[Work to be completed] Please reproduce the data exactly, though every picture must stay out.

[Items from a data source]

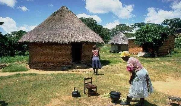 下车后,就看到两间破烂的茅草屋,门口还站着两个黑人妇女,旁边还牵着三个黑人小孩。
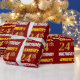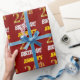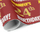 This wrapping paper design features a message like "JENNIFER’S 24th BIRTHDAY!", with the "24th" having a faux/imitation gold-like colour appearance, and with the name and "BIRTHDAY" in a fun, bold font. The name can be personalized, and the background is coloured red. Wrapping paper like this could perhaps be used when wrapping birthday gifts being given to somebody in celebration of their twenty fourth birthday. [~Z0000204]
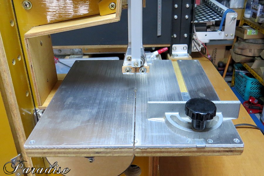 出来上がったバンドソーは木板やアルミ板・アクリル板などの直線切りや曲線切りが安全かつ快適に行えました。 今回は、完成後の塗装を出来るだけ省くために、安価なウレタン塗装型枠合板のコンパネを使いましたが、強度が高い (積層枚数が多い)構造用合板を使われることをお勧めします。また、木材で作る場合(特に合板)は表示値と実際の 厚みに誤差があるので現物に合わせた加工が必要です。 |
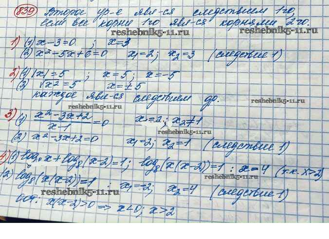Готовая домашняя работа с ответами по Алгебре за 10 класс Колягин, Ткачёва, Федорова, Шабунин Учебник Базовый и углубленный уровень Просвещение 2017 ФГОС - Упражнения 839
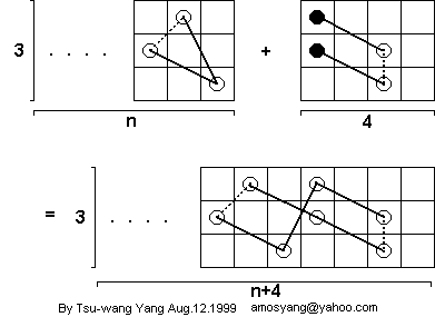 Now comes the inductive step. Assume a 3 x n closed tour exists. Then a 3 x (n + 4) closed tour also exists, and can be constructed as shown above. 3 x 10 and 3 x 12 closed tours exist (and are shown above). Therefore a 3 x n closed tour exists if n >= 10, even. Such a tour can be constructed by gluing the above 3 x 4 open tour to a closed 3 x 10 or 3 x 12 closed tour a certain number of times:

[Written response]
 下车后,就看到两间破烂的茅草屋,门口还站着两个黑人妇女,旁边还牵着三个黑人小孩。
 This wrapping paper design features a message like "JENNIFER’S 24th BIRTHDAY!", with the "24th" having a faux/imitation gold-like colour appearance, and with the name and "BIRTHDAY" in a fun, bold font. The name can be personalized, and the background is coloured red. Wrapping paper like this could perhaps be used when wrapping birthday gifts being given to somebody in celebration of their twenty fourth birthday. [~Z0000204]
 出来上がったバンドソーは木板やアルミ板・アクリル板などの直線切りや曲線切りが安全かつ快適に行えました。 今回は、完成後の塗装を出来るだけ省くために、安価なウレタン塗装型枠合板のコンパネを使いましたが、強度が高い (積層枚数が多い)構造用合板を使われることをお勧めします。また、木材で作る場合(特に合板)は表示値と実際の 厚みに誤差があるので現物に合わせた加工が必要です。 |
Готовая домашняя работа с ответами по Алгебре за 10 класс Колягин, Ткачёва, Федорова, Шабунин Учебник Базовый и углубленный уровень Просвещение 2017 ФГОС - Упражнения 839
 Now comes the inductive step. Assume a 3 x n closed tour exists. Then a 3 x (n + 4) closed tour also exists, and can be constructed as shown above. 3 x 10 and 3 x 12 closed tours exist (and are shown above). Therefore a 3 x n closed tour exists if n >= 10, even. Such a tour can be constructed by gluing the above 3 x 4 open tour to a closed 3 x 10 or 3 x 12 closed tour a certain number of times:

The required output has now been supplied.